How to Respond to the Latest Mass Shooting

Wednesday morning, a former employee of a Virginia TV news station waited until two of his former colleagues were live on air, then filmed himself raising a gun and shooting them both dead. He uploaded the videos to Twitter before committing suicide. It is the first mass shooting since [scroll back in your social media timelines to a week ago, assuming you have to go that far].
The utterly thinkable has happened again, and so soon that you probably do not have any novel means of examining either your exhaustion or despair, presuming you’re capable of still feeling either. More likely, you’ve been reduced — by the relentless frequency of a politically tolerated and protected form of American death — to the sort of indifference every parent experiences when hearing, “Hey, mom! Watch this!” before her child does his umpteenth cannonball off the diving board. Nod, go back to looking at your smartphone. Just replace the splashes with gunshots.

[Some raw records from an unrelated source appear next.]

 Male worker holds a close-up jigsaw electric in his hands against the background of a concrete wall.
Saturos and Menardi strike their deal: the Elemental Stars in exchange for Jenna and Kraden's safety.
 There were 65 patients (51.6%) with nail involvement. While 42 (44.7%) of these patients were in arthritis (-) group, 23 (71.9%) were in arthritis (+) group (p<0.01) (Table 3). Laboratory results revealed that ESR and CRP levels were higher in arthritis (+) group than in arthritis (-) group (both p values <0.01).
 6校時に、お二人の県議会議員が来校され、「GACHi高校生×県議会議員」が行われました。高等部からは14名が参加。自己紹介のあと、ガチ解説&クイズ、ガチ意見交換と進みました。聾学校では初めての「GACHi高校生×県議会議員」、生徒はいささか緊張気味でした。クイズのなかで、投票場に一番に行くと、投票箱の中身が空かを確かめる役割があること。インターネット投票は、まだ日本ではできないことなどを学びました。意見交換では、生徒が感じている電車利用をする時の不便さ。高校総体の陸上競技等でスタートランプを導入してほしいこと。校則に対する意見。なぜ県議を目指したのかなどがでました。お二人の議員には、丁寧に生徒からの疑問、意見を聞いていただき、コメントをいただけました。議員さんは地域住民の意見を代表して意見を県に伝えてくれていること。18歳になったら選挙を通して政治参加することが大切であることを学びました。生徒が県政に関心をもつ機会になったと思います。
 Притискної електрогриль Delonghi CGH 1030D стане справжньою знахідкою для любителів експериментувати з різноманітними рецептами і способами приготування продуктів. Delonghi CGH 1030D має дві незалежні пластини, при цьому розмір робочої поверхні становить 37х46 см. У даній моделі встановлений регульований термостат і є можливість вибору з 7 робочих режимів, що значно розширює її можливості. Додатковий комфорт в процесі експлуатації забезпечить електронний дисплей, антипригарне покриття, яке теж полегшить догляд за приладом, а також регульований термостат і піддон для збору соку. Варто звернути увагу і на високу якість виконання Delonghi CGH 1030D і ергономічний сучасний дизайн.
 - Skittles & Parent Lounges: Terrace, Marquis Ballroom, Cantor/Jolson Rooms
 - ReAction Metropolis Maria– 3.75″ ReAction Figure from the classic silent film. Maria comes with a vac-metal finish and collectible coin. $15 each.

But since we’re all live-curating existence now, everyone from average citizens to corporate newsrooms has to say something. National events have given, and now you must take — a hot take, pity take, concern-troll take, just take it already. What does it say about your brand presence within the metadialogue if you let the killer have the last vlog?

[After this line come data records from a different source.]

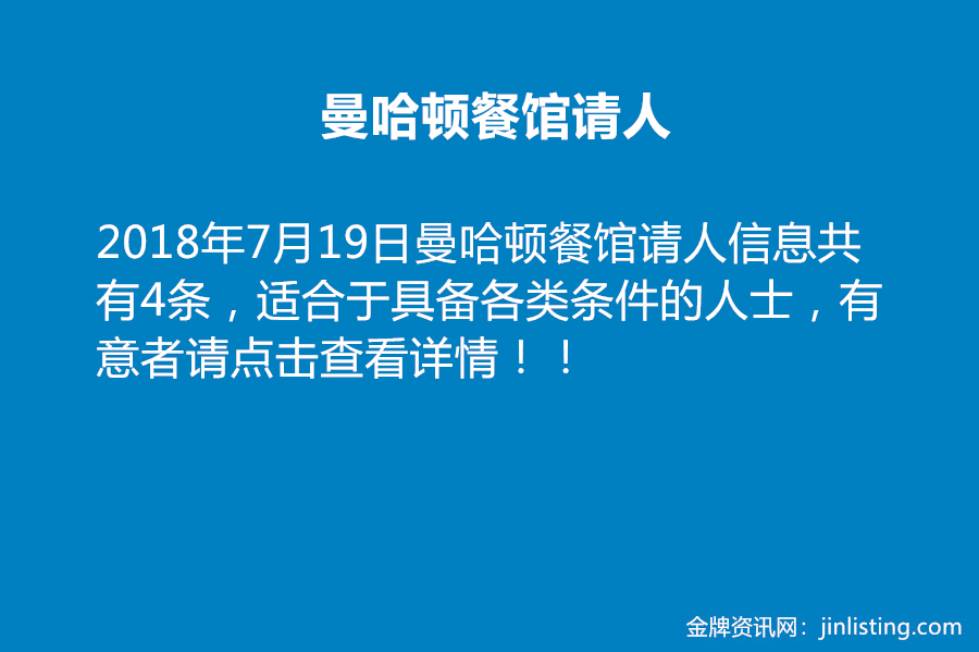 4、曼哈顿下城2大道5街请熟手企台或Casher, 请电:917-770-0610
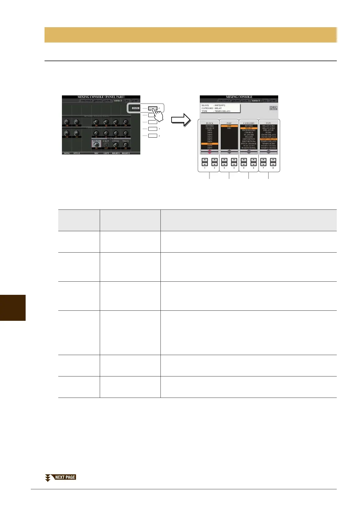 1 Press the [F] (TYPE) button in the EFFECT Page of the Mixing Console display.
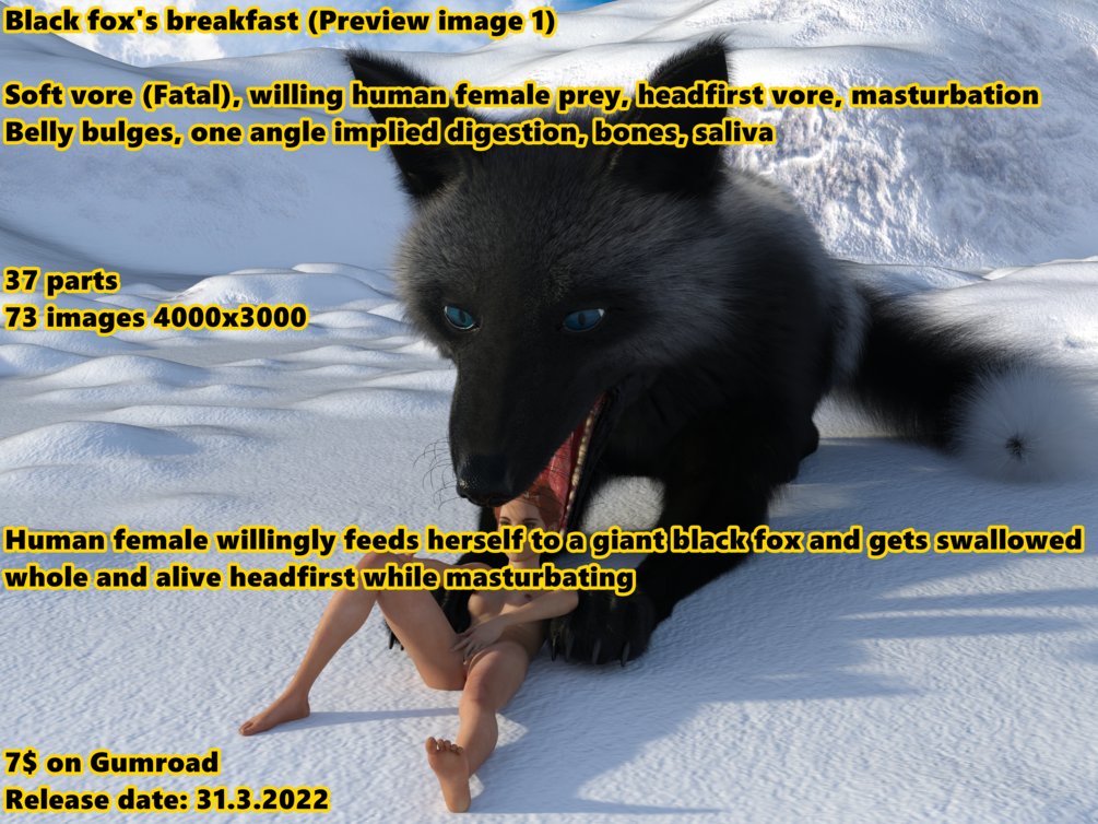 Black fox's breakfast$7+$7+https://schema.org/InStockusdWerewolfCZWerewolfCZFox vore commission released on 31.3.2022This product is not currently for sale.Name a fair price:$Size1.08 GBAdd to wishlist New wishlistShareShare on XShare on Facebook Copy linkCopy product URL
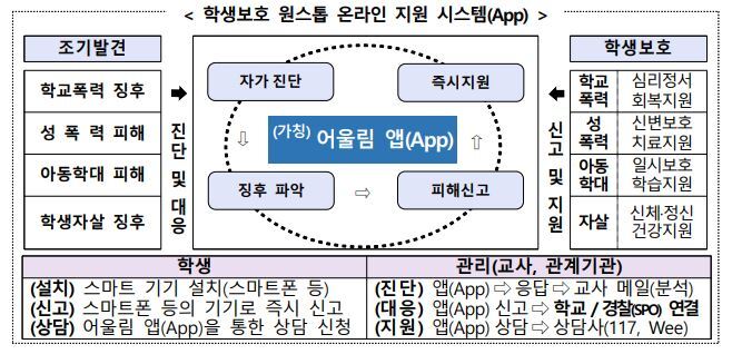 학생이 온·오프라인 학교폭력, 아동학대, 성폭력 등에 노출되면 즉시 감지하여 지원(신고·대응)하는 전방위적 학생보호 원스톱 온라인 시스템(가칭 ‘어울림 앱’)을 구축한다(~2022년).
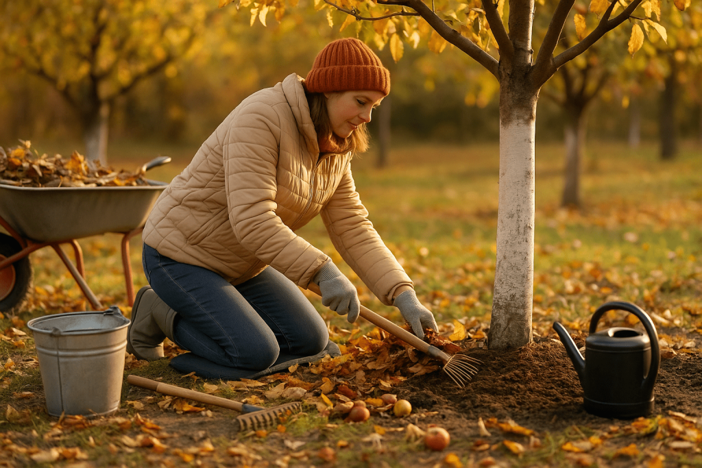 - Уборка. Соберите падалицу, обрезки, больные листья — всё это лучше вынести с участка или сжечь в безопасном месте. Здоровую листву можно отправить в компост.
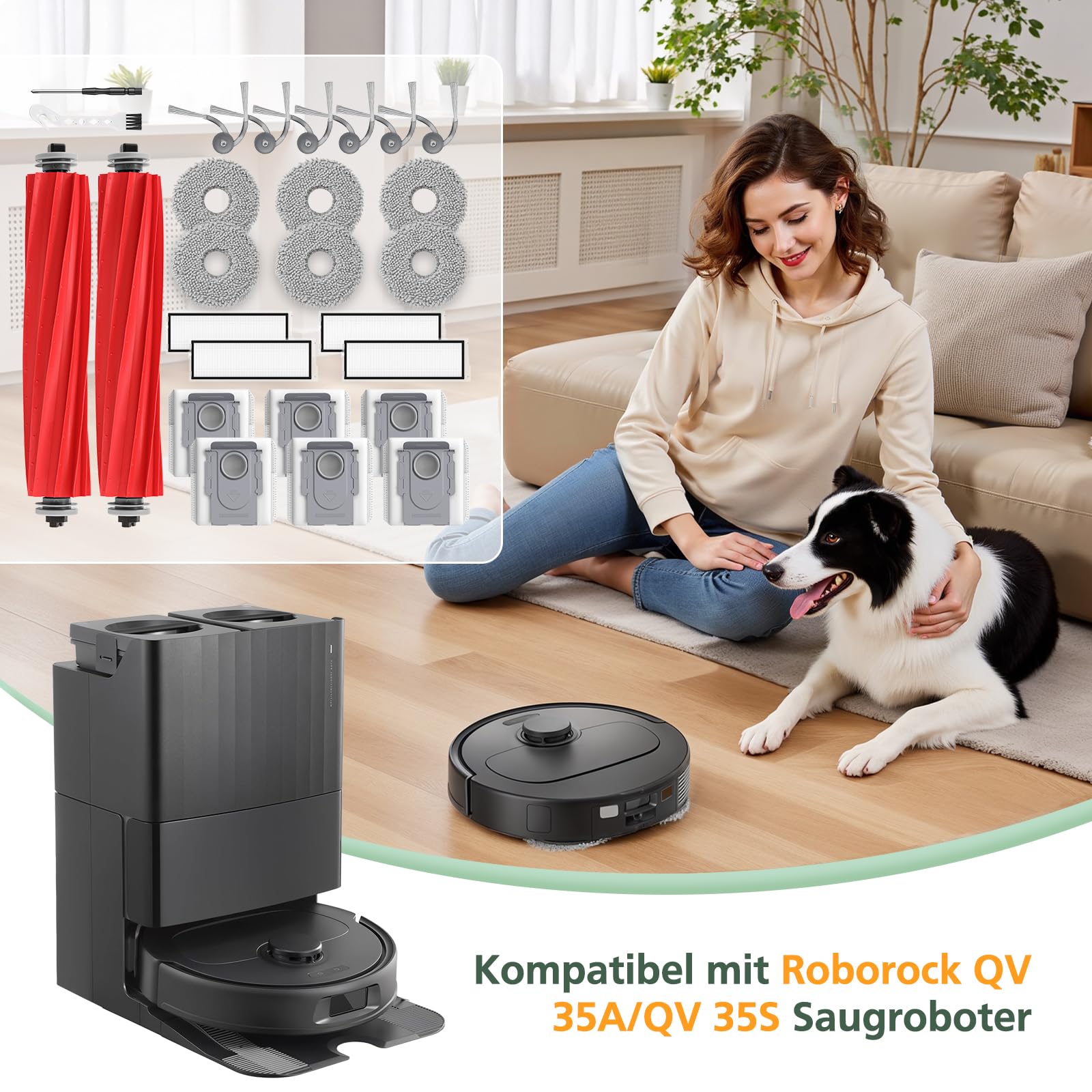 26 Stück Zubehör Ersatzteile für Roborock QV 35A/QV 35S Saugroboter, 2 Rollenbürste, 4 HEPA-Filter, 6 Staubbeutel, 6 Wischtücher, 6 Seitenbürsten, 1 Reinigungsbürste

With that in mind, here are some options you might consider.
1. “Don’t politicize this!”
Always a good take, and it involves ethical analysis as weighty as Galileo measuring the fall of a feather compared to a feather. I don’t mean you shouldn’t politicize this tragedy, of course – far from it. You should just shout that at everyone else. The net effect of stating that someone else should not politicize an event is declaring that their political opinion about it is unwelcome, crass, predatory or invalid. You can shame them for capitalizing on something terrible and get away with silencing someone else’s opinion without offering one yourself and thus implicitly state that your unspoken view is the only reasonable response. Don’t worry about seeming ethically inconsistent on this. Your refusal to countenance political calls for disarming Americans will work just as well even if you’ve spent the last month screaming about the sanctity of human life and calling for the end of federally funded abortions by a group that doesn’t perform abortions with federal funds, all because you saw some edited videotapes created by Dr. Nick Riviera’s Fetus Defense Hut. Human life is serious business, especially if someone you agree with has FinalCut Pro. If someone you disagree with has a Vine, we must wait the appropriate amount of time until most fellow Americans are no longer thinking about this.